Exercise requirements
Would you transcribe each entry exactly as it stands, omitting the pictures?

(Dataset entries)
»»

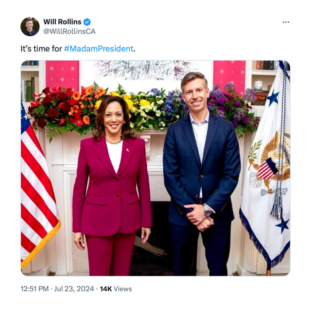 Extreme California Democrats, including Will Rollins, are caving to endorse the most radical liberal presidential nominee in history, Kamala Harris.
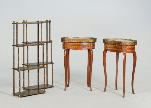 Pareja de mesas de riñón de estilo Luis XV, en madera de caoba con marquetería, aplicaciones de latón y tapa de mármol.S. XX.
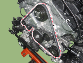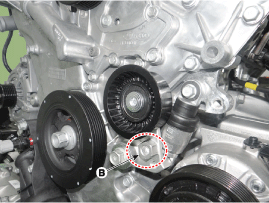 Поверните натяжитель (В) по часовой стрелке и ослабьте его, затем снимите приводной ремень (А).
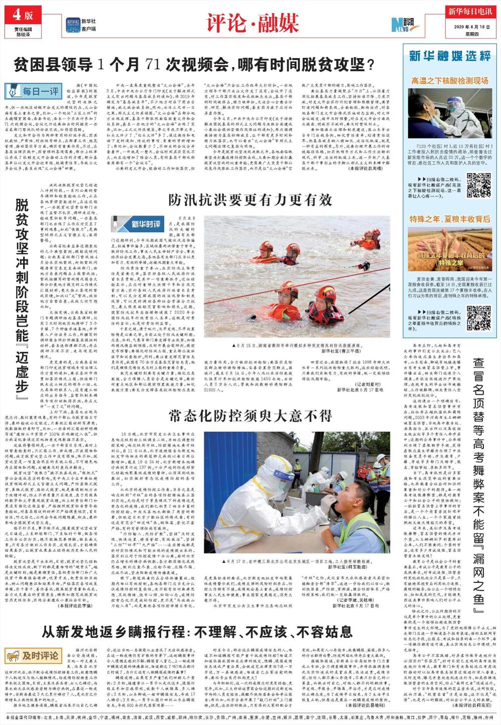 今年是脱贫攻坚决战决胜之年,各地面临既要坚决打赢疫情防控阻击战,又要如期全面打赢脱贫攻坚战的双重考验,更需要广大党员干部以优良作风狠抓工作落实,而不是让“文山会海”空耗广大党员干部的精力,影响工作落实。
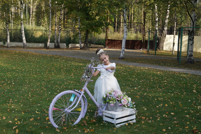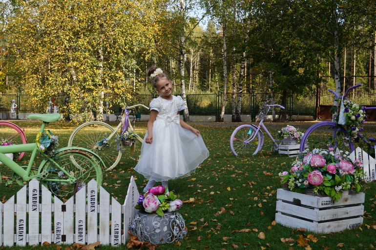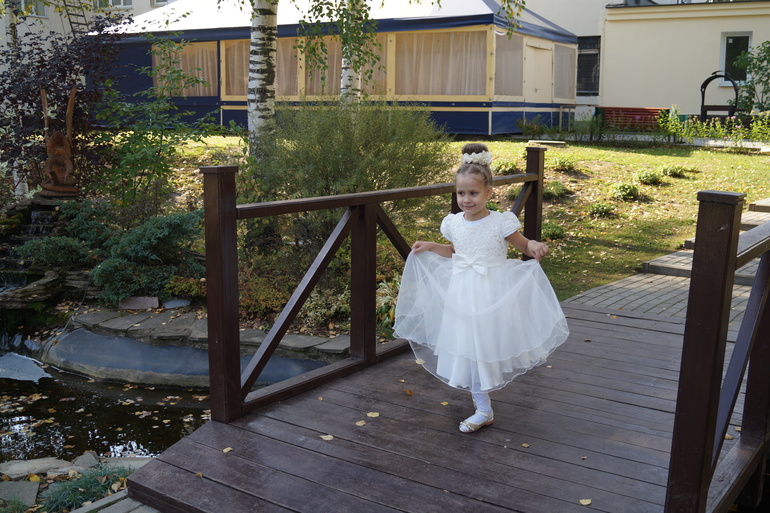 С дочкой ехдили на выступление, где она участвовала в танцах - танцевала медленный вальс и ча-ча-ча.А после пофотографировались немного, уж очень красиво было.
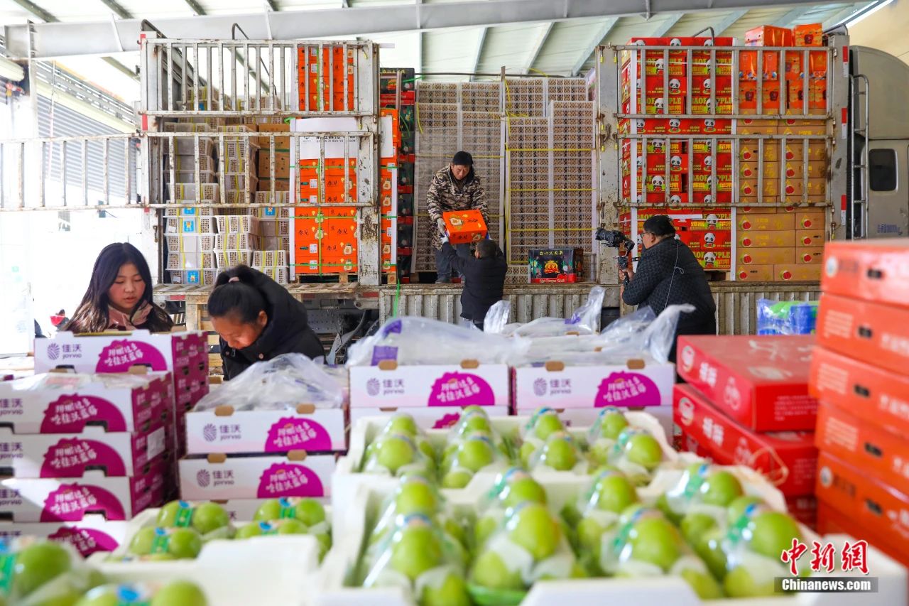 万邦·濮阳国际农产品批发市场,商户正在搬运水果。清丰县委宣传部供图
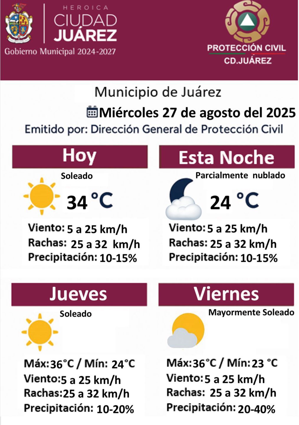 Miércoles 27 de Agosto del 2025.- La Dirección General de Protección Civil del Municipio dio a conocer el pronóstico del clima para los próximos días.
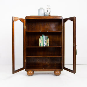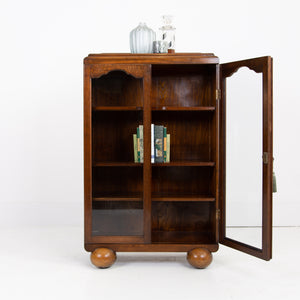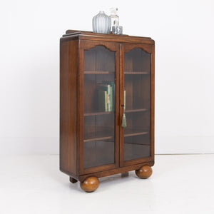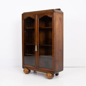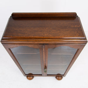 Attractive Oak Art Deco Glazed Bookcase Cabinet C1930s
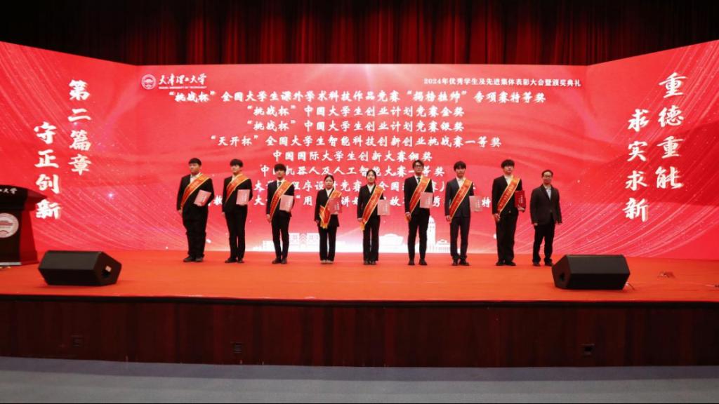校黨委副書記、校長練繼建為天津市人民政府獎(jiǎng)學(xué)金、天津市王克昌獎(jiǎng)學(xué)金、天津市海河自強(qiáng)獎(jiǎng)學(xué)金、天津市自信自強(qiáng)年度人物、天津市大學(xué)生年度人物提名獎(jiǎng)獲獎(jiǎng)代表頒獎(jiǎng)。
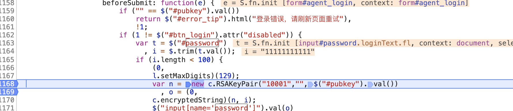 很明显的 RSA 加密,同时追进去就看到encryptedString的加密逻辑了,一起扣出来组装一下就得到加密逻辑了【图1-5】:

««

Response to the exercise
 Extreme California Democrats, including Will Rollins, are caving to endorse the most radical liberal presidential nominee in history, Kamala Harris.
 Pareja de mesas de riñón de estilo Luis XV, en madera de caoba con marquetería, aplicaciones de latón y tapa de mármol.S. XX.
 Поверните натяжитель (В) по часовой стрелке и ослабьте его, затем снимите приводной ремень (А).
 今年是脱贫攻坚决战决胜之年,各地面临既要坚决打赢疫情防控阻击战,又要如期全面打赢脱贫攻坚战的双重考验,更需要广大党员干部以优良作风狠抓工作落实,而不是让“文山会海”空耗广大党员干部的精力,影响工作落实。
 С дочкой ехдили на выступление, где она участвовала в танцах - танцевала медленный вальс и ча-ча-ча.А после пофотографировались немного, уж очень красиво было.
 万邦·濮阳国际农产品批发市场,商户正在搬运水果。清丰县委宣传部供图
 Miércoles 27 de Agosto del 2025.- La Dirección General de Protección Civil del Municipio dio a conocer el pronóstico del clima para los próximos días.
 Attractive Oak Art Deco Glazed Bookcase Cabinet C1930s
校黨委副書記、校長練繼建為天津市人民政府獎(jiǎng)學(xué)金、天津市王克昌獎(jiǎng)學(xué)金、天津市海河自強(qiáng)獎(jiǎng)學(xué)金、天津市自信自強(qiáng)年度人物、天津市大學(xué)生年度人物提名獎(jiǎng)獲獎(jiǎng)代表頒獎(jiǎng)。
 很明显的 RSA 加密,同时追进去就看到encryptedString的加密逻辑了,一起扣出来组装一下就得到加密逻辑了【图1-5】:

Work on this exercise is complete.